The certified training methods for deterministic approaches usually leverage the bounds from verification methods: they compute an upper bound of worst-case empirical risk under perturbations from these verification methods, and either directly minimizes the upper bound or minimizes its combination with standard clean loss.
Probabilistic approaches are usually based on randomized smoothing. Since robustness issues can be due to the lack of smoothness, randomized smoothing takes the majority voted class (for classification) or median/average (for regression) over a set of smoothed input with noise added as the final prediction. The choices of the smoothing noise distribution play a critical role in how much certified robustness we can obtain. Different noise distributions are suitable for defending against perturbations bounded by different Lp norms. This work systematically studies different noise distributions.

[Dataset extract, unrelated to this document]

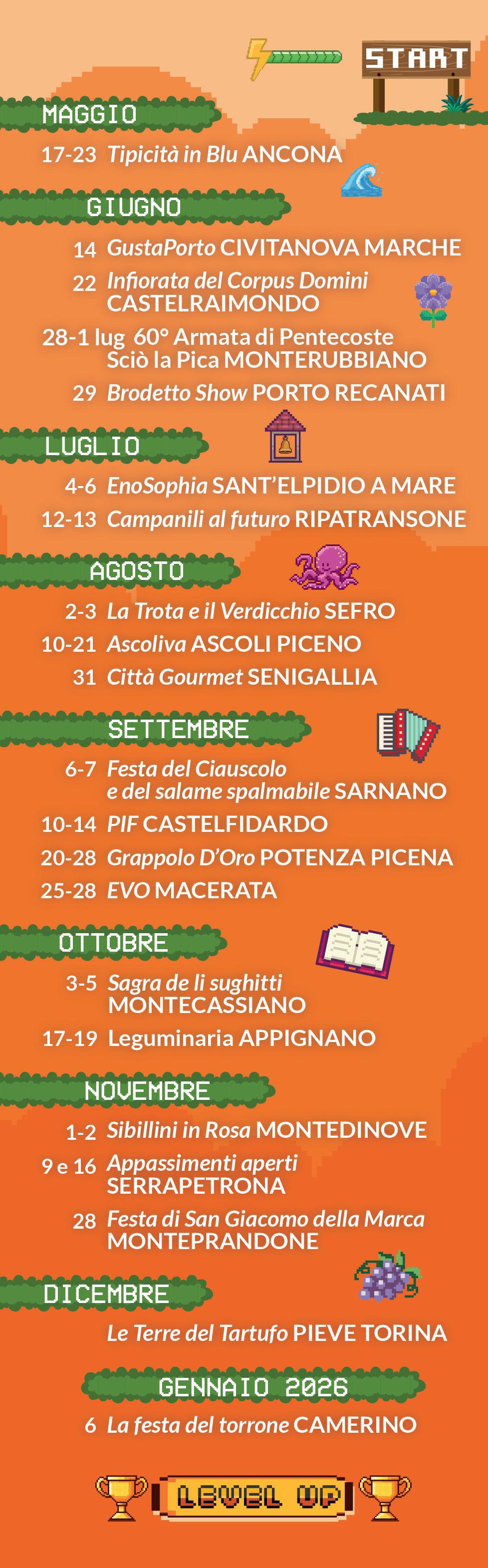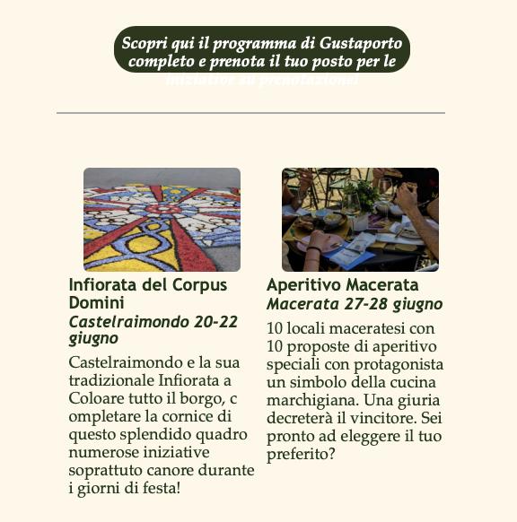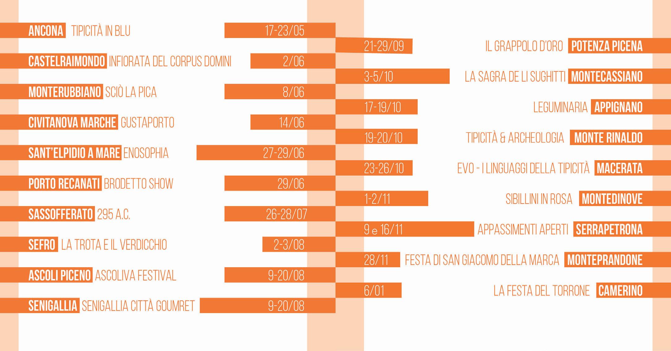 Dopo il prologo di Tipicità Festival a Fermo nel marzo scorso, a maggio è di scena Tipicità in Blu ad Ancona, mentre giugno si presenta con GustaPorto a Civitanova Marche e l’Infiorata di Castelraimondo. A chiudere il mese che dà avvio all’estate, Monterubbiano con Sciò la Pica e Porto Recanati con Brodetto Show.

The certified training methods for probabilistic approaches focus on improving the model’s prediction accuracy for noise corrupted inputs, where standard noise augmented training, adversarial training, consistency regularization, and certified radius maximization regularization are popular methods.

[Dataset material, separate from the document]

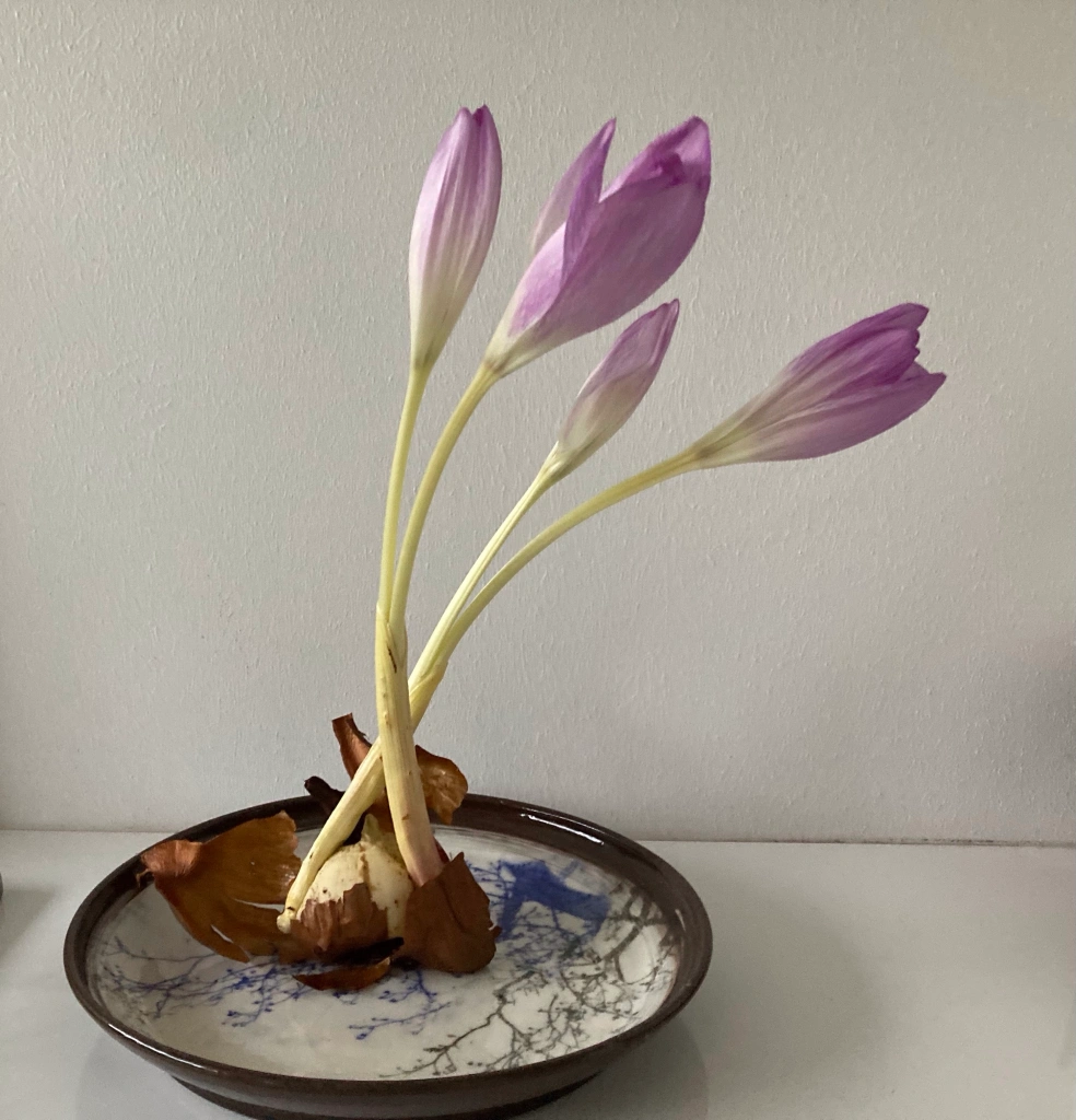 De naam herfsttijloos (tijdloos en niet stijlloos) betekent dat het plantje zich niet aan de seizoenen houdt: bladen en vruchten verschijnen in het voorjaar en de bloem in het najaar. Heel ongewoon. Ook lees ik dat het plantje uitermate giftig is. Het zit vol met colchicine*. En dat kun je beter niet binnen krijgen. Daar staat tegenover dat het in de homeopathie net als in de oudheid aangeraden wordt als middel (thee en tabletten) tegen jicht.

Compared with deterministic methods, the probabilistic approaches are more flexible as it does not require knowledge about detailed neural network structure. Indeed, the probabilistic approaches have been extended to defend against various threat models (as we will introduce later) or have been further improved to be deterministic (e.g., against patch attack, deterministic L1 robustness). On the other hand, for the commonly used L-infinite norm, an intrinsic barrier of these methods has been shown, and it shows that the deterministic approaches are usually tighter under certain constraints.

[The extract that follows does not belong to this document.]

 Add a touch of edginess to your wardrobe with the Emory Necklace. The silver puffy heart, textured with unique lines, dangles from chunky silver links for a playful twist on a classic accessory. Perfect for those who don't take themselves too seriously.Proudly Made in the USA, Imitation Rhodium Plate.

Besides Lp-norm bounded attacks, other (unrestricted) threat models may be more realistic in practice, and the certified robustness against these threat models is an ongoing hot topic. Here we list some important progress.
-
TSS: against semantic transformations
TSS provides scalable certified robustness, including both certification and robust training methods, for common image transformations such as rotation, scaling, brightness change, construct change, blurring, and some of their combinations. TSS customizes the randomized smoothing for different transformations and significantly improves the certified robustness.
-
Against vector field deformations
An extension of linear relaxation provides certification against attacks that perform vector field deformations.
-
Alexander Levine and Soheil Feizi extend randomized smoothing to certifiably defend against Wasserstein distance bounded attacks.
-
RAB, DPA: against poisoning and backdoor attacks
In poisoning (backdoor) attacks, an attacker aims to manipulate the training dataset so as to either deteriorate the model performance on clean test dataset or mislead the model to be triggered by input with some specific backdoor patterns. The high-level idea of randomized smoothing, aggregating multiple model predictions, can also be applied to certifiably defend against poisoning or backdoor attacks. This time, the multiple model predictions come from multiple models trained with smoothed training dataset (RAB case) or different portions of training dataset (DPA case).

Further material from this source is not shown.